Varbinds are presented to the user in a rulesfile as $1, $2, $3, and so on, with each number representing a varbind number. MIB Manager creates elements based on the varbind elements and uses these to set variables in the details table. For example, the elements used in the details table might be $ifIndex = $1, which will be an integer, $ifAdminStatus = $2, which will be something like up (1), and $ifOperStatus = $3, which will be something like down (3). Any changes made to the object settings are automatically set in the rules file, using the conventions set by the Netcool Knowledge Library (NCKL).

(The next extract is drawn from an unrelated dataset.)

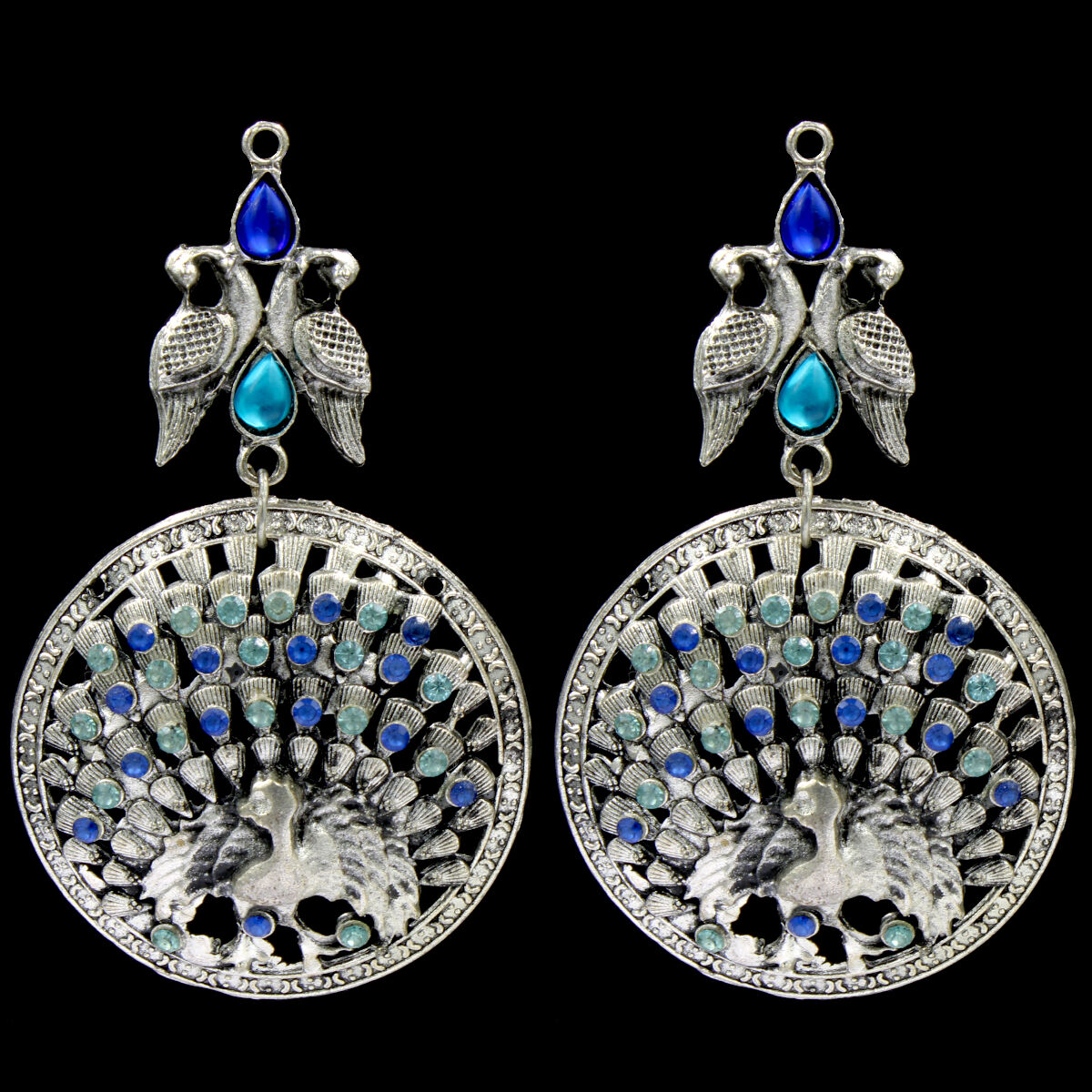 Orlenna offers intricately designed Oxidized Short Necklace Set with crystal bead embellishment. The necklace comes with adjustable blue cotton back rope/ necklace dori. This Orlenna masterpiece is made in mixed metal alloy [base material]. The set comes with complementing earrings.

Tables represent the equivalent of a multidimensional array with rows and columns of data. The table object is defined as a SEQUENCE OF an Entry object. The Entry object is then defined as a SEQUENCE of OBJECT-TYPE objects. Occasionally, a vendor designs an unusual system, for example the Cisco 10k router. This device maintains an internal table of alarm conditions and generates a trap or notification when the table changes. You must then issue an SNMP GET request on the contents of the table to determine the current status of the active alarms on the device. This makes obtaining the alarms by the SNMP manager a bit more difficult, but not impossible if the administrator has the tools to comply.
An octet is a data construct consisting of eight bits (commonly known as a byte). An OCTET STRING then, is an array of bytes (or a string of bytes). The term OCTET STRING does not imply that all of the bytes in the string are alphanumeric. They can also be binary characters and are used as bitmasks.